The only scene that was entertaining was when the heroine defended herself at the very beginning of the book.
Great writing but poor storyline and the characters were simply not my "cup of tea."
The protagonist is a spoiled brat, uncooperative and a real b!tch. I can't stand her. I kept listening to the book hoping she'd grow the heck up. No luck. Faythe keeps screaming "Treat me like a grown up" and then keeps doing stupid stuff like throwing tantrums, breaking rules, and running away from home. How the heck does she expect to be treated like an adult while acting like such a brat? She NEVER learns, she NEVER listens, she lives by the knee-jerk reaction, and common sense is a foreign concept to her.

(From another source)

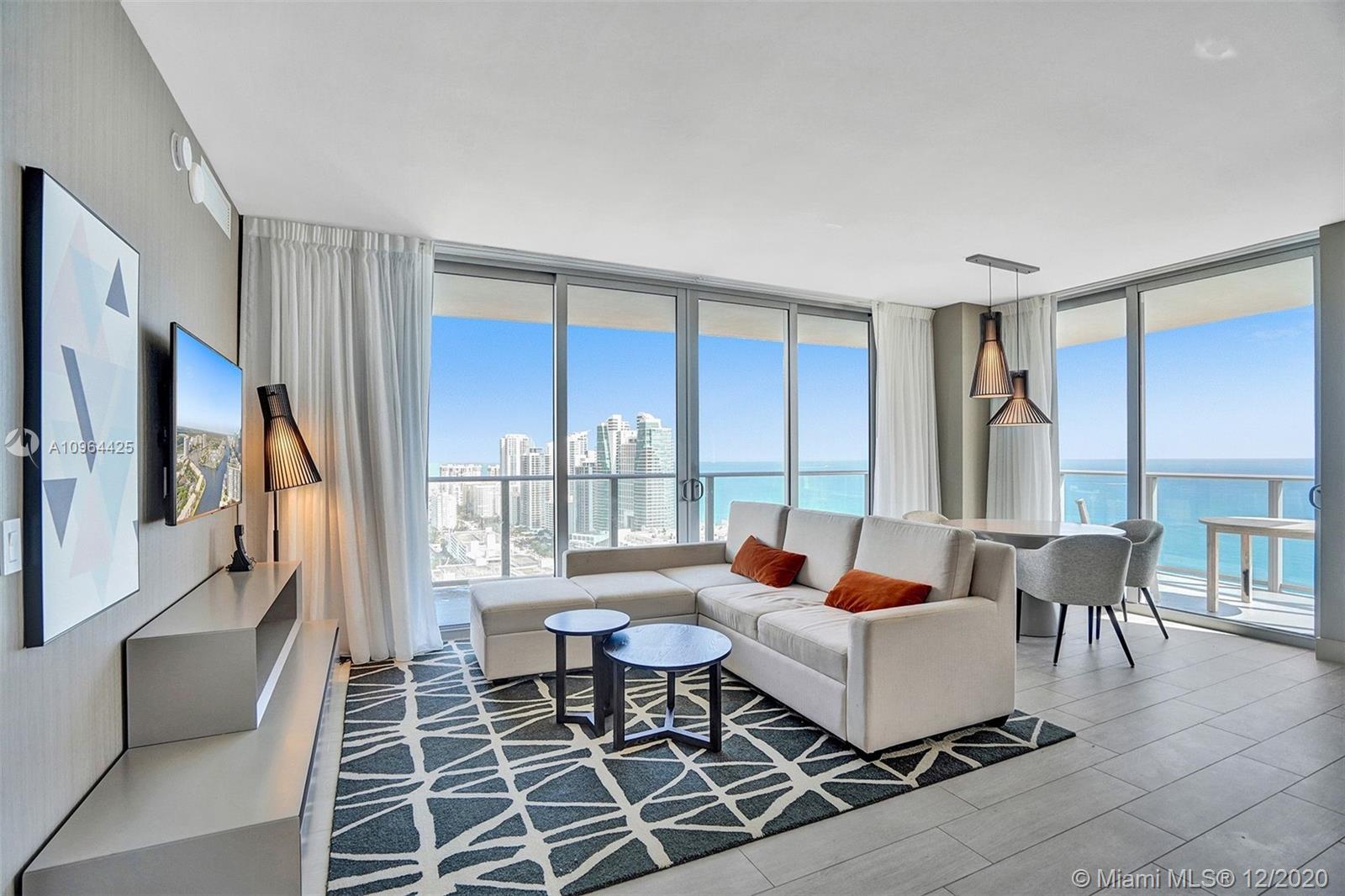 Miami Investment Waterfront Property in a Condo-Hotel with High ROI, Yield Opportunity. Miami is one of the top tourist destinations and always has its doors open to them offering entertainment, activities, and relaxation for everyone. Located in Hollywood Beach, next to exclusive Golden Beach and Millionaire's Beach, Hyde Beach is near all tourist attractions and access point including Cruise Port of Miami, and both international airports. This 2 bed 2 bath unit features wraparound balcony with views of the ocean, intracoastal, and the city and has no rental restrictions allowing short term rentals in AIRBNB or any other platform, or can be signed up to the building's hotel program. Amenities are private beach, 3 pools, boat dock, outdoor cinema, bar, gym, grill, restaurant, and more.

Two of her friends are kidnapped, she is attacked, and she thinks this is the perfect time to leave the pride and "prove she's an adult"? Really? Bailing on your entire species is proving you are an adult? That is basically what she's talking about doing when she describes the fact that there are all of 8 (10?) tabbies left in the country to continue the species. But she wants to leave. Screw the survival of the entire species just as long as she gets what she wants (which is basically fighting tooth and nail for every breath she breathes outside the protection of her pride). Just sayin'. She is SO blinkin' annoying. I kept listening because I hoped she gets better. She didn't. I'm done with this series.
I love urban fantasy, paranormal romance, YA, and dystopian. My favorite authors are Ilona Andrews and Kim Harrison.
I do rely on the reviews of fellow listeners. So when I saw a review that the MC was whiny I passed on it for a while. Then the 3 books for 2 credits deal came along, so I decided I was going to get it. I am so very glad I did...I love this book!
Faythe is a 23 yr old, who wants nothing more than Independence from her pride. But the responsibilities that waits for her at home are massive. She needed to grieve for her "human" life that she had so wanted to live, she needed to be angry, and maybe even whine a little, wouldn't you? But she is not just anyone. She is brave, and stubborn and can kick butt like any guy. She is a female WereCat, and that makes her rare. there are only 8 female WereCats of child bearing age not already married in the entire USA. That means the tomcats of the pride with go to any length to protect her. But a tabby (female cat) has gone missing, one that Faythe knows and loves.
But now what will she do when her family really needs her? Run to freedom and leave the problem to the pride, or stay and fight with the rest of her family?
I did enjoy this book as far as it being entertaining. I rated it only a 3 out of 5 as I did not feel it left me wanting to hear more. I found the book a bit long at times and wishing the story would move along. I hesitated to put the second book in this series in my library but I did finllay add it.